Dem Kinderhilfswerk Unicef wird das Spendensiegel aberkannt. Die Hilfsorganisation habe in mehreren Punkten gegen die erforderlichen Standards verstoßen, teilte das für die Vergabe von Spendensiegeln zuständige Deutsche Zentralinstitut für soziale Fragen (DZI) am Mittwoch in Berlin mit.
So habe Unicef Deutschland dem DZI die Zahlung von Provisionen an Spendenwerber trotz entsprechender Fragen im jährlichen Prüfungsverfahren verschwiegen. Tatsächlich habe die Organisation zwischen 2004 und 2007 drei professionelle Spendenwerber (Fundraiser) erfolgsabhängig bezahlt. Mit den unzutreffenden Angaben habe Unicef gegen die in den Spendensiegel-Kriterien verankerte Darlegungspflicht verstoßen. Das sei besonders schwerwiegend, weil Unicef im Zusammenhang mit den Provisionszahlungen weitere Verstöße gegen die Spendensiegel-Standards begangen habe. Zudem seien die Antworten von Unicef im Rahmen der Nachprüfung des DZI nicht von uneingeschränkter Offenheit getragen gewesen, sondern trügen zum Teil eher zur Verschleierung der tatsächlichen Sachverhalte bei, hieß es weiter. Nach Einschätzung des DZI müssen die Management-, Leitungs- und Aufsichtsstruktur von Unicef Deutschland durchgreifend verbessert werden, damit sich derartige Fehler nicht wiederholen.

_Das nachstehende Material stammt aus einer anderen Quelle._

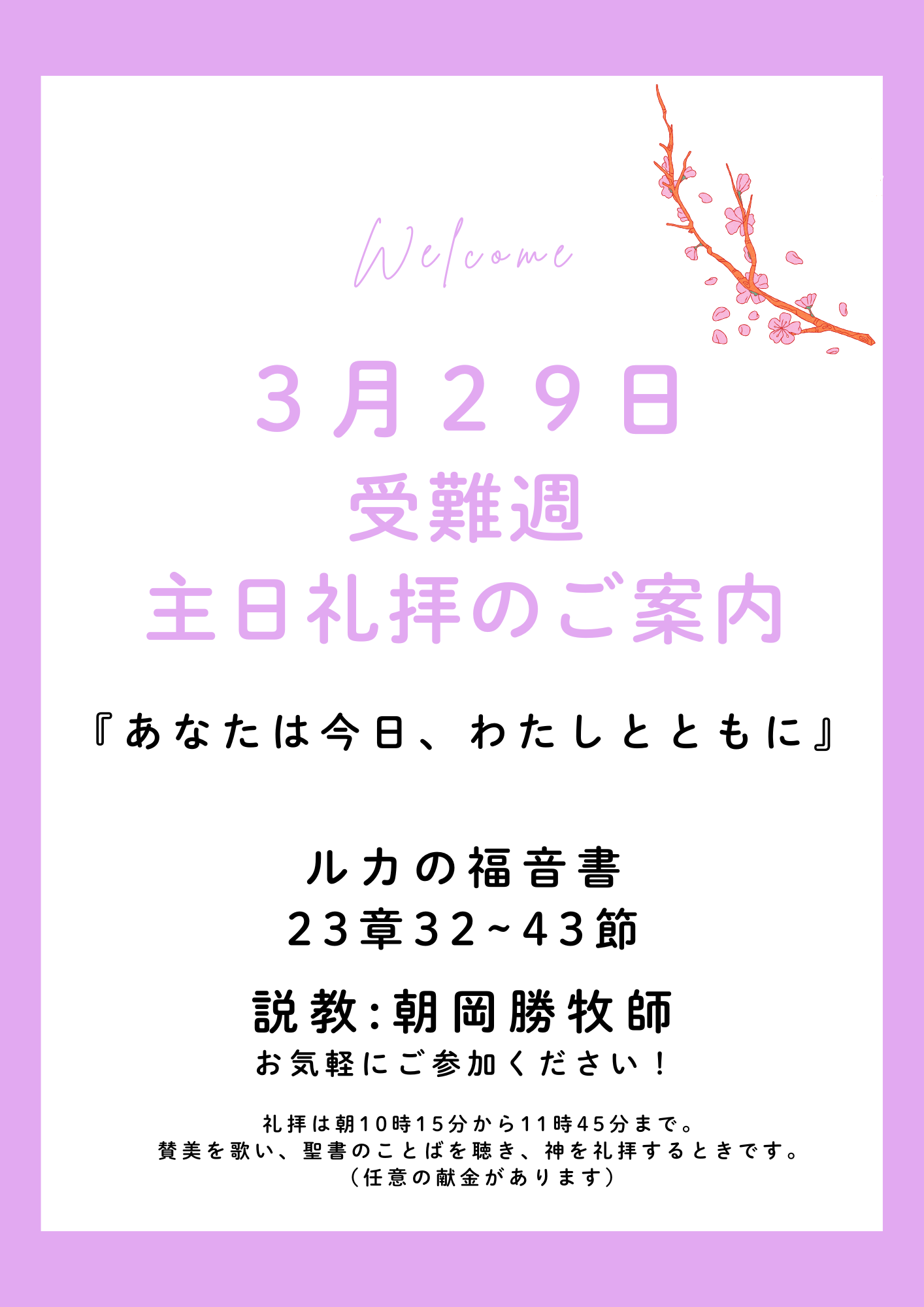 2026年3月29日 受難週主日礼拝のご案内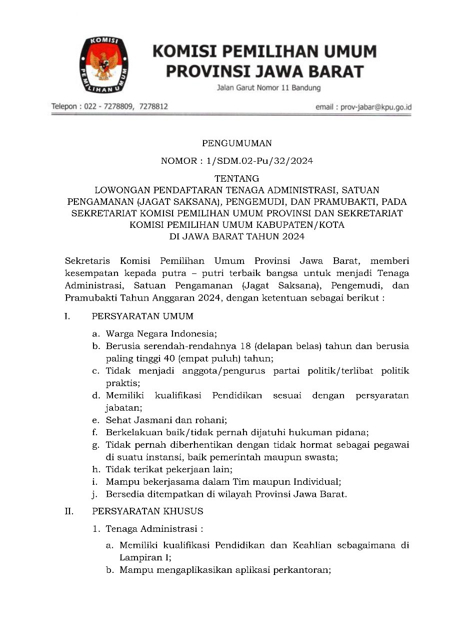 PENGUMUMAN NOMOR 4/SDM.02-Pu/32/2024 Selasa, 05 Maret 2024 07:00 704 Dokumen pengumuman dapat diunduh DISINI Baca Selengkapnya

Unicef will Spendensiegel zurückgewinnen
Die Organisation will das verlorene Spendensiegel nach den Worten ihres Vorsitzenden Reinhard Schlagintweit so schnell wie möglich zurückgewinnen. Für das nächste Jahr werde Unicef das Siegel wieder beantragen. „Und ich bin auch sicher, dass wir das dann sofort wiederbekommen werden, so wie wir es in der Vergangenheit ja auch immer gehabt haben“, sagte Schlagintweit am Mittwoch in Köln. Auf die Frage, ob die Aberkennung zurecht erfolgt sei, sagte er: „Im Grunde haben die Leute recht, wenn sie sagen: Dies sind unsere Normen, die habt ihr nicht eingehalten - jetzt ziehen wir die Konsequenzen.“
Dennoch sei er schockiert, sagte Schlagintweit. Der Schaden werde beträchtlich sein. Er zweifle aber nicht daran, dass Unicef die Krise überstehen werde. „Mit neuen Köpfen werden wir das Vertrauen der Öffentlichkeit in vollem Umfang zurückgewinnen“, sagte Schlagintweit. „Unicef wird das überwinden. Wir wissen, dass wir viele Freunde haben.“
Die deutsche Sektion der UN-Hilfsorganisation steht seit Wochen wegen des Verdachts der nicht ordnungsgemäßen Verwendung von Spendengeldern in der Kritik. Im Zuge der Affäre haben die Unicef-Vorsitzende Heide Simonis und der langjährige Geschäftsführer Dietrich Garlichs ihre Posten aufgegeben. Das Spendensiegel des unabhängigen Deutschen Zentralinstituts für soziale Fragen (DZI) bescheinigt Hilfsorganisationen seriöses Wirtschaften und eine ordnungsgemäße Verwendung der eingegangenen Spenden. Eine Organisation kann nach dem Entzug des Spendensiegels nach Ablauf eines vollständigen Geschäftsjahres das Siegel abermals beantragen.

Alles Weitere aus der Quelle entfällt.